## PROMPT
Starting at the line holding "Sweat-shirt à capuche" and finishing at the line holding "19일(한국시간) 미국 애리조나주", transcribe the material exactly, keeping both ends but no pictures.

## RECORDS FOR THE TASK

◆ ◆ ◆ ◆

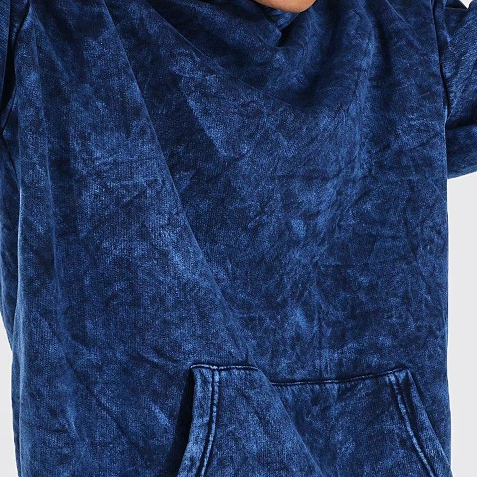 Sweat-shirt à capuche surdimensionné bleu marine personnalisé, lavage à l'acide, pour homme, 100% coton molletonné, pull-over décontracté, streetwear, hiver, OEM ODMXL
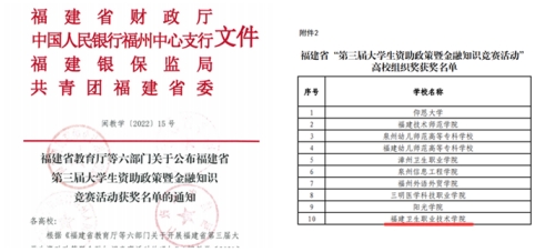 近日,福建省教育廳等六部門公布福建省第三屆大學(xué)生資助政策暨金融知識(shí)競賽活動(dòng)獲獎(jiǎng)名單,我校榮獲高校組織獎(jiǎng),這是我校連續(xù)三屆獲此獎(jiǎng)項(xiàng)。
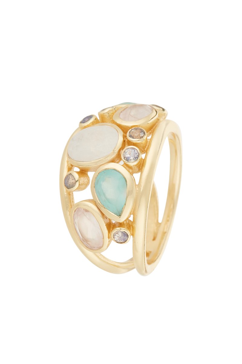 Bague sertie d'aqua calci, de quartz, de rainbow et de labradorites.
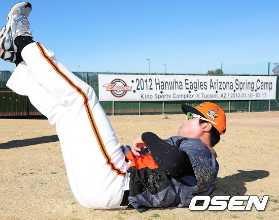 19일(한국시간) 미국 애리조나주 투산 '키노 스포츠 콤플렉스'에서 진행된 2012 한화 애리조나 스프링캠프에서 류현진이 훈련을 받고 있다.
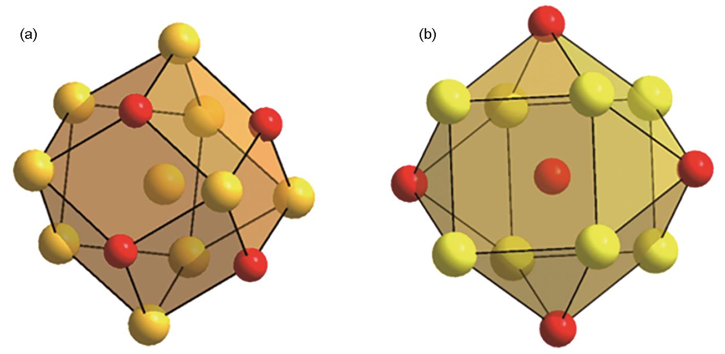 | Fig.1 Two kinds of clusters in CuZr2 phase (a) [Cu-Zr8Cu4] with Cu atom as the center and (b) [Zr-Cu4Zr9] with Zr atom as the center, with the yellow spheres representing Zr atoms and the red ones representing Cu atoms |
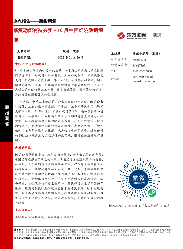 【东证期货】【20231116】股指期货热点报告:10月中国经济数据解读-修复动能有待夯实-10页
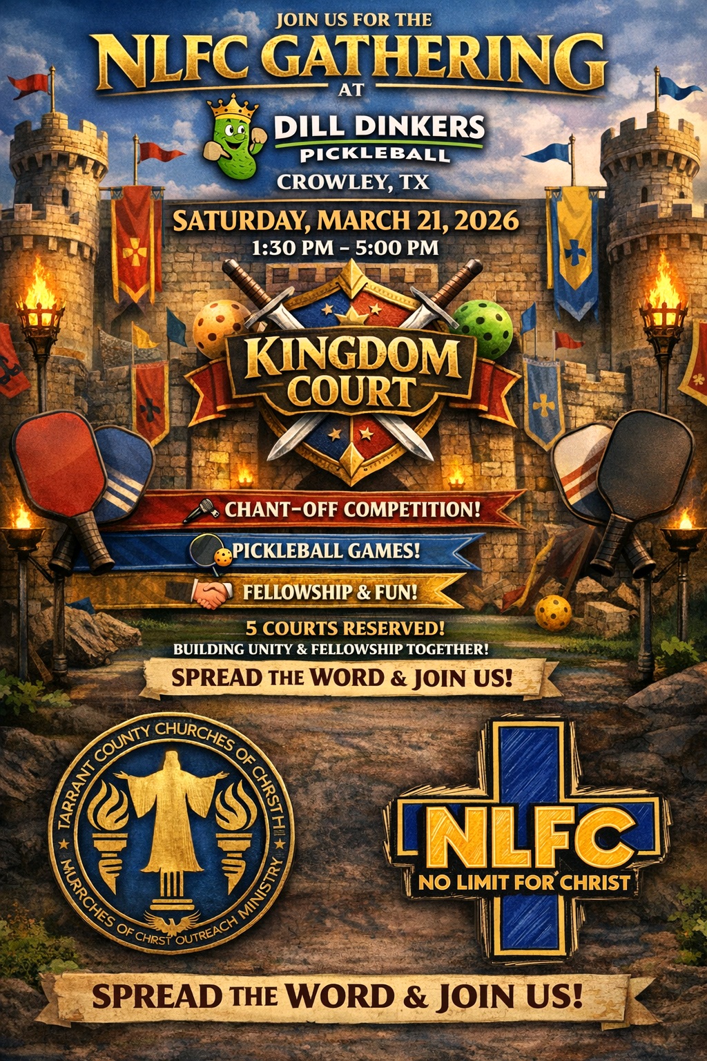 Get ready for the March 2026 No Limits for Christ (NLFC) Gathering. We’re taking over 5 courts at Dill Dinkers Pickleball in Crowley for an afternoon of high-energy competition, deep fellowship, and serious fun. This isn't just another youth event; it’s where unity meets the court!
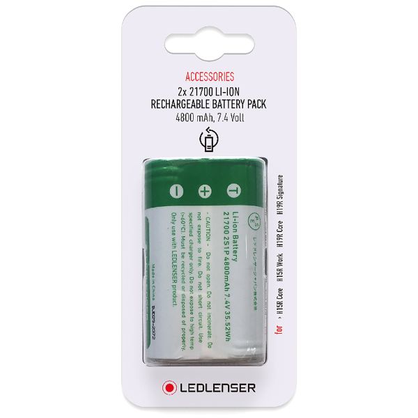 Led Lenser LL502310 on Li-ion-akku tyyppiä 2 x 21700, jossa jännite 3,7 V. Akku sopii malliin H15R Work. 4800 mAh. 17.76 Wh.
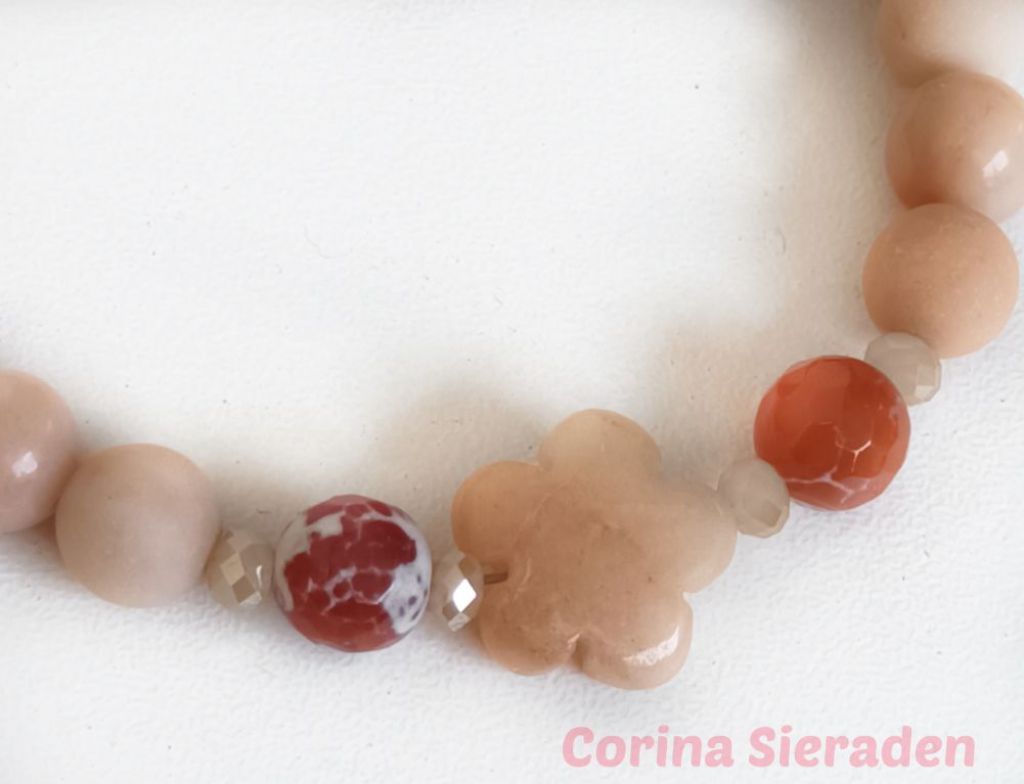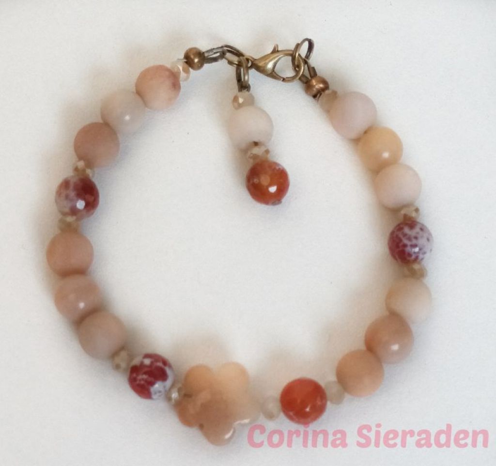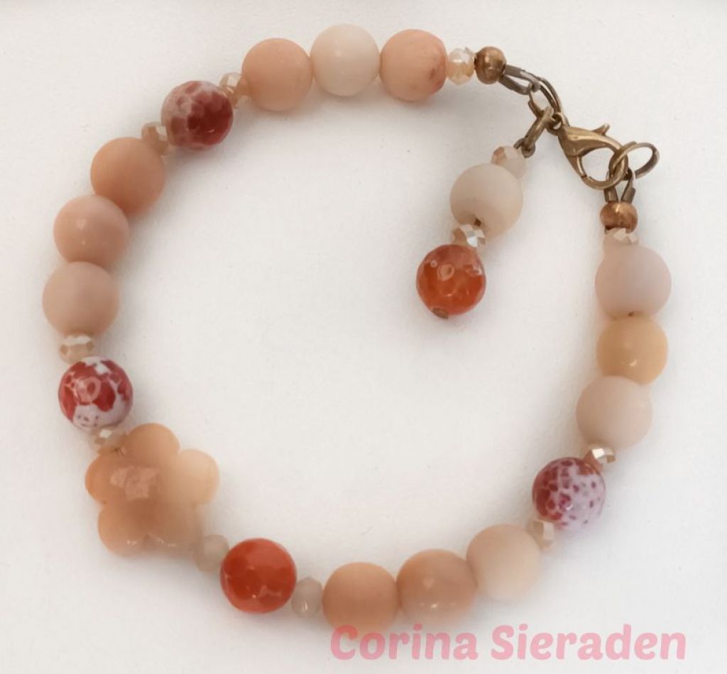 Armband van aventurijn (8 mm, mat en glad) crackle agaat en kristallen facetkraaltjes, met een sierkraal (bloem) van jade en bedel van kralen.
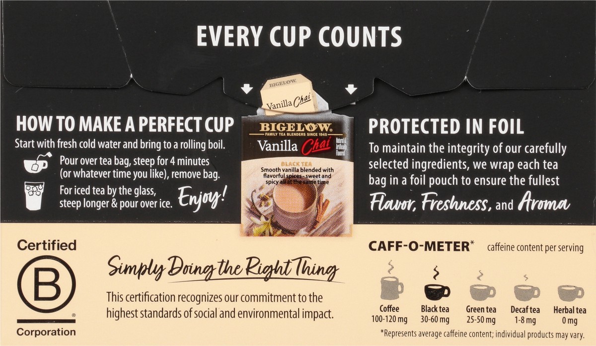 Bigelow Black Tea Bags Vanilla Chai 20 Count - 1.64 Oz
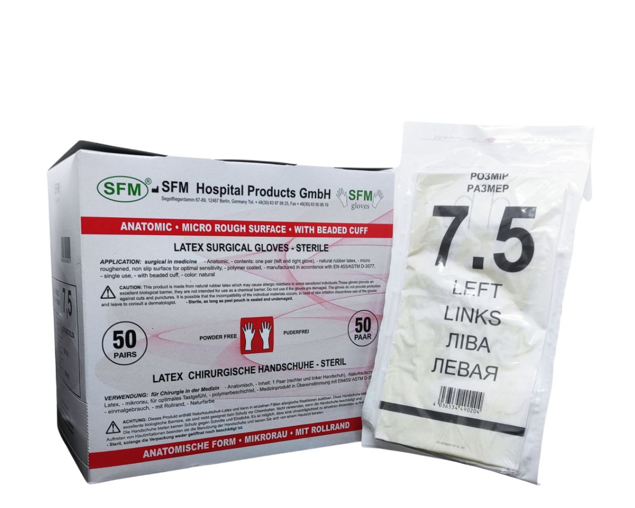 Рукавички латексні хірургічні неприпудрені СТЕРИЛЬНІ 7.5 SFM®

◆ ◆ ◆ ◆

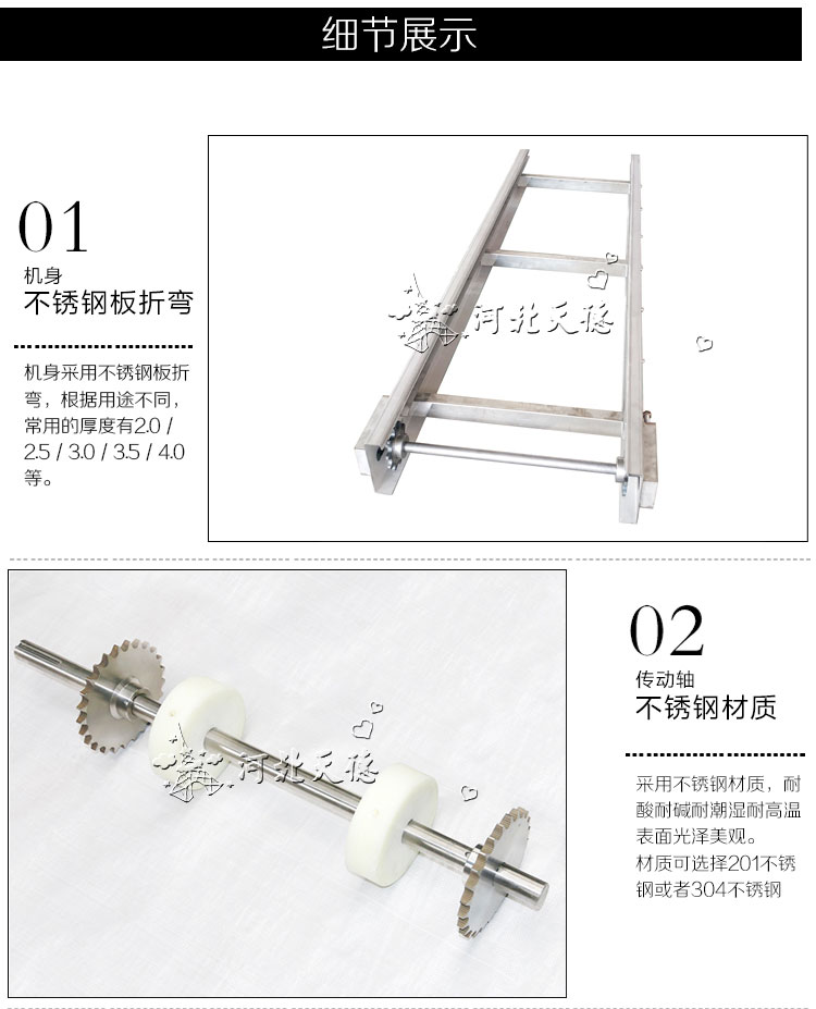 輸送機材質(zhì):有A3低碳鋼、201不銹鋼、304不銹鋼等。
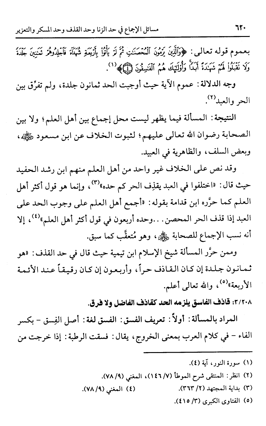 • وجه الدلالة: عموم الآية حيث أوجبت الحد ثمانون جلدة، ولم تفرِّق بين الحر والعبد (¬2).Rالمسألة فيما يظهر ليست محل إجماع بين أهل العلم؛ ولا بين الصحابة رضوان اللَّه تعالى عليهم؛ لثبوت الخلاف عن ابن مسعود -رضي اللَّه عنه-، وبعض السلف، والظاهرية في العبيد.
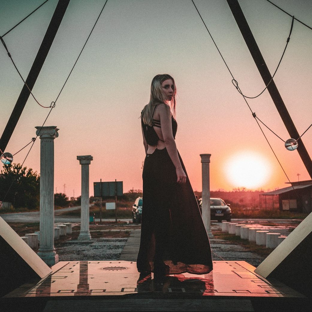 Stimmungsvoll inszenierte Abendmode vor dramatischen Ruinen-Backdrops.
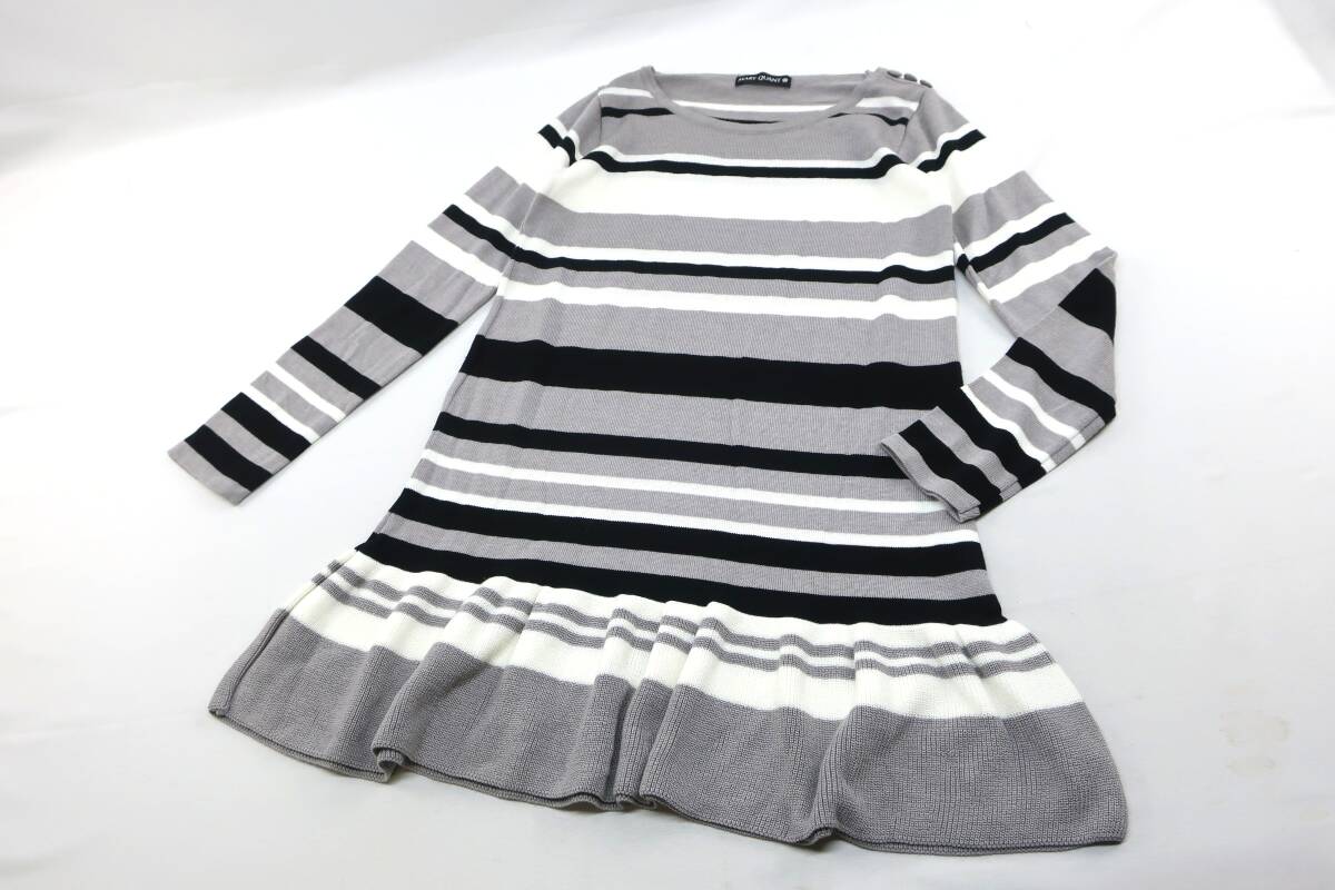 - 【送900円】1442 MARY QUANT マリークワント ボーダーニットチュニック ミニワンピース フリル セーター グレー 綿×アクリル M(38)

◆ ◆ ◆ ◆

## TASK RESULT
 Sweat-shirt à capuche surdimensionné bleu marine personnalisé, lavage à l'acide, pour homme, 100% coton molletonné, pull-over décontracté, streetwear, hiver, OEM ODMXL
 近日,福建省教育廳等六部門公布福建省第三屆大學(xué)生資助政策暨金融知識(shí)競賽活動(dòng)獲獎(jiǎng)名單,我校榮獲高校組織獎(jiǎng),這是我校連續(xù)三屆獲此獎(jiǎng)項(xiàng)。
 Bague sertie d'aqua calci, de quartz, de rainbow et de labradorites.
 19일(한국시간) 미국 애리조나주 투산 '키노 스포츠 콤플렉스'에서 진행된 2012 한화 애리조나 스프링캠프에서 류현진이 훈련을 받고 있다.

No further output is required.